La plupart des observateurs au fait de la situation en Palestine, conviennent que l’expansion des colonies israéliennes a mis à mal toutes les perspectives pour l’établissement d’un État palestinien indépendant. En d’autres termes, cette expansion coloniale a effectivement enterré la solution de deux États.

Dans le même temps, peu de gens nieront qu’il y a une compréhension générale et profonde que le processus de négociation a échoué et que les Accords d’Oslo ont été désastreux pour la lutte nationale palestinienne. Ces accords avaient été essentiellement compris comme des accords intérimaires et ouvrant la voie vers une solution durable. Au lieu de cela, cette voie a mené les Palestiniens à une impasse, alors qu’ils rêvaient d’un État indépendant.

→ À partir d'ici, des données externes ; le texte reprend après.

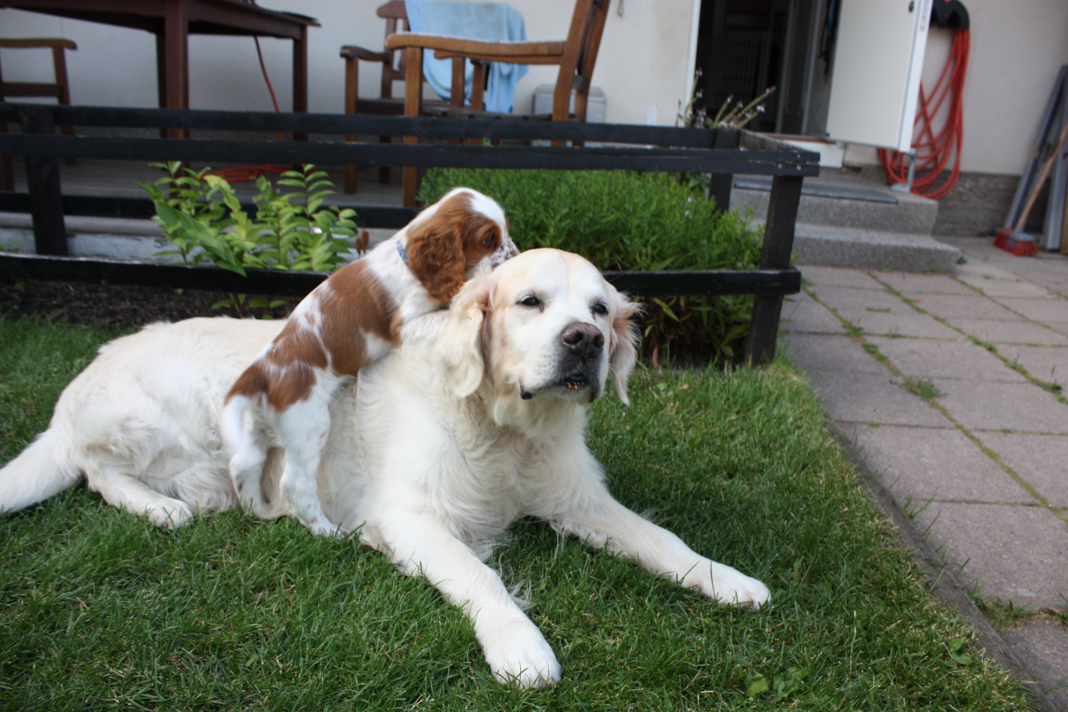 När vi så småningom hade tagit bort både Hasse och Zimzon pga ålder och hälsa så återgick vi till Golden Retriver med Izidor och nu några år senare flyttade Knasen hem till oss.

Le processus d’Oslo était parfaitement adapté aux objectifs des Israéliens. Les sionistes ont toujours considéré la question palestinienne comme une question démographique. Leur solution n’était jamais un État palestinien souverain, mais plutôt une entité autonome fragile et dépendante, chargée d’épauler les forces d’occupation et de soutenir son ordre socio-économique d’apartheid. Le processus d’Oslo a fourni à Israël tout le temps nécessaire pour étendre ses colonies, judaïser et annexer la majeure partie de la Cisjordanie. Il a également donné à Israël les moyens de contenir le mouvement palestinien de libération, et finalement de diviser profondément les forces nationales palestiniennes.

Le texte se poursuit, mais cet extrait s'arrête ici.